- What is expected -
Find the line containing "2.通过美司坦和2-氯乙胺盐", then print it and each following line through the end of the records, exactly and with nothing added; leave out any pictures.

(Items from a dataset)
+---+

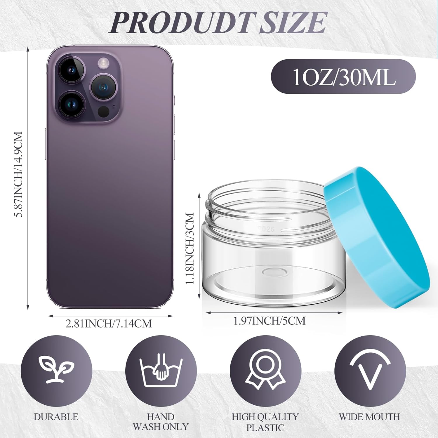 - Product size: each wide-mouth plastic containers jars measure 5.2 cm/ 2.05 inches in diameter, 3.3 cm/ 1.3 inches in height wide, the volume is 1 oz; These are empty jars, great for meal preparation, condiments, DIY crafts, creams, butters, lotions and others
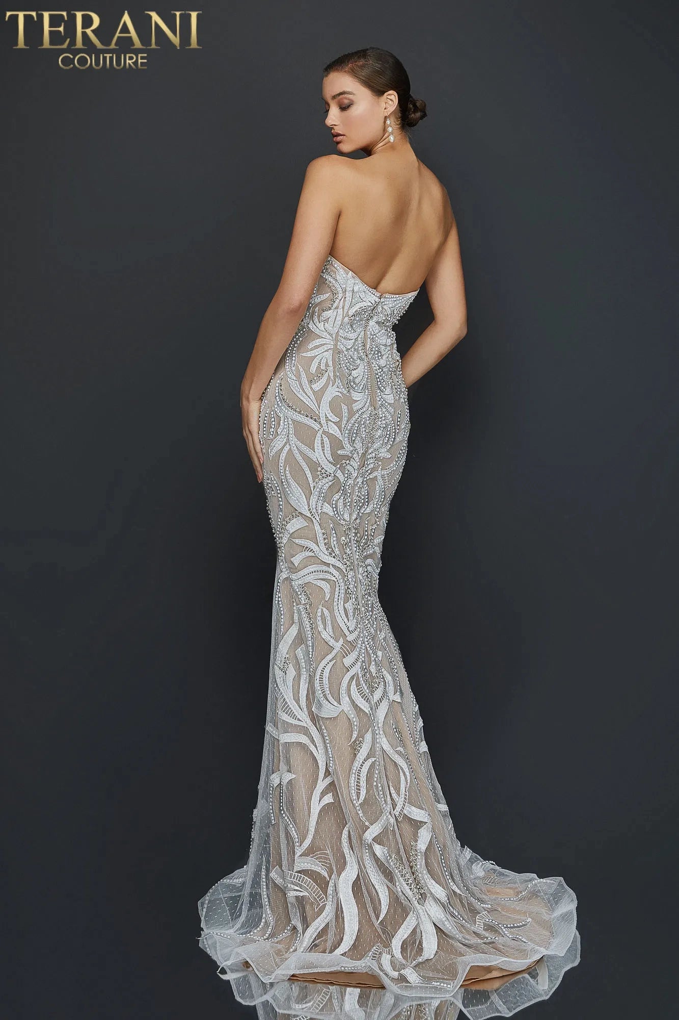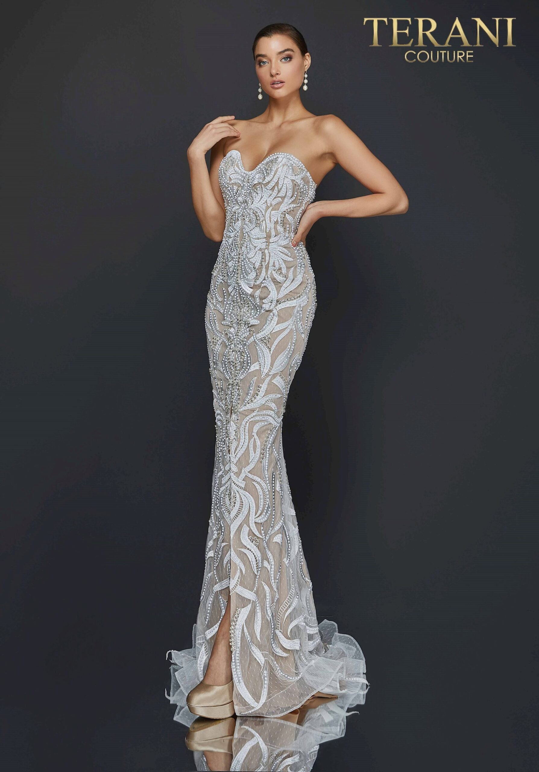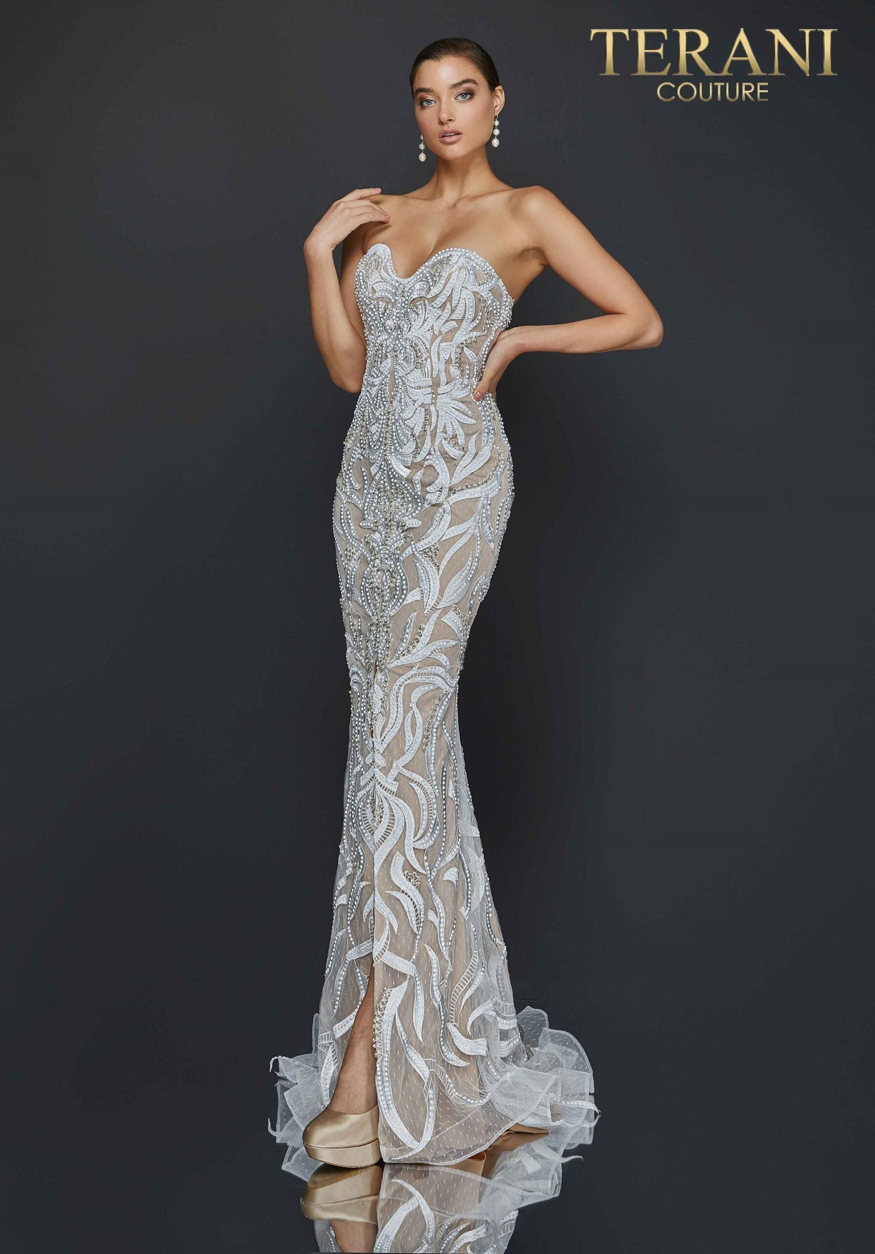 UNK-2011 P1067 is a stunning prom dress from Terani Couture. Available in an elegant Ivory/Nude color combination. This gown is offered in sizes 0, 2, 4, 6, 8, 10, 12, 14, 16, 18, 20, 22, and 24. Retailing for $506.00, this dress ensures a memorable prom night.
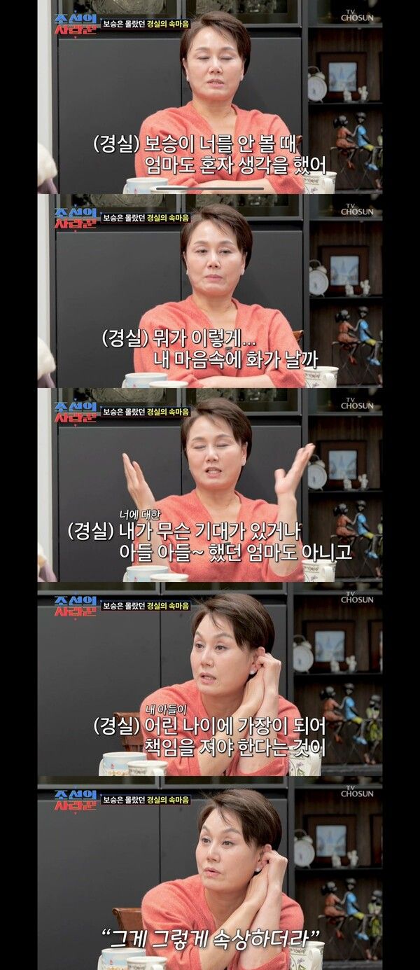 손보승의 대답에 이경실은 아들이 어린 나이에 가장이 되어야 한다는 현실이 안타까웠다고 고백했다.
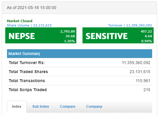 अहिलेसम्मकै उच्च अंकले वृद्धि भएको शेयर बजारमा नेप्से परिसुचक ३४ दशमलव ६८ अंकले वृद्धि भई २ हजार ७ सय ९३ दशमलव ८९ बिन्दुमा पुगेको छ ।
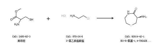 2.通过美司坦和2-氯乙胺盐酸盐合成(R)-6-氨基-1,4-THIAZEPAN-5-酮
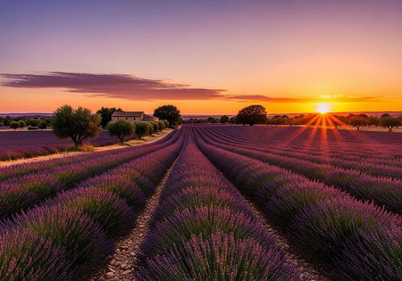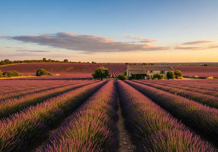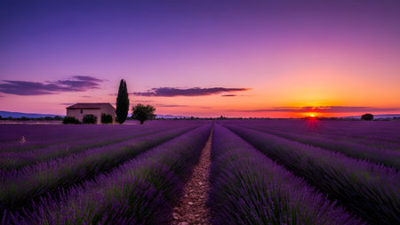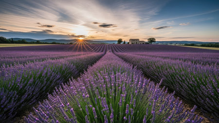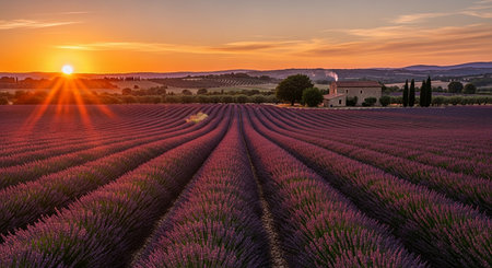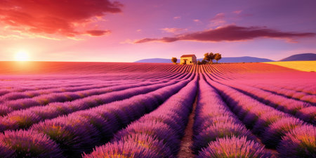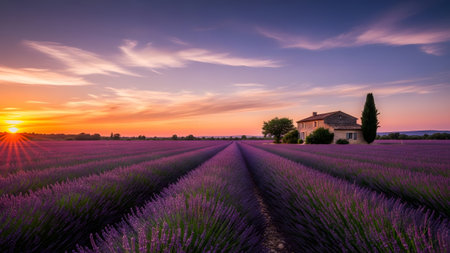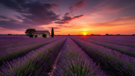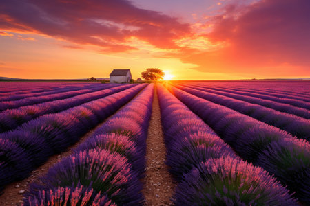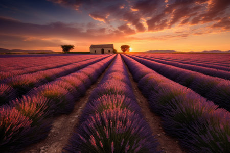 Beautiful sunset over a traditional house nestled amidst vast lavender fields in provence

+---+

- Completed task -
 2.通过美司坦和2-氯乙胺盐酸盐合成(R)-6-氨基-1,4-THIAZEPAN-5-酮
 Beautiful sunset over a traditional house nestled amidst vast lavender fields in provence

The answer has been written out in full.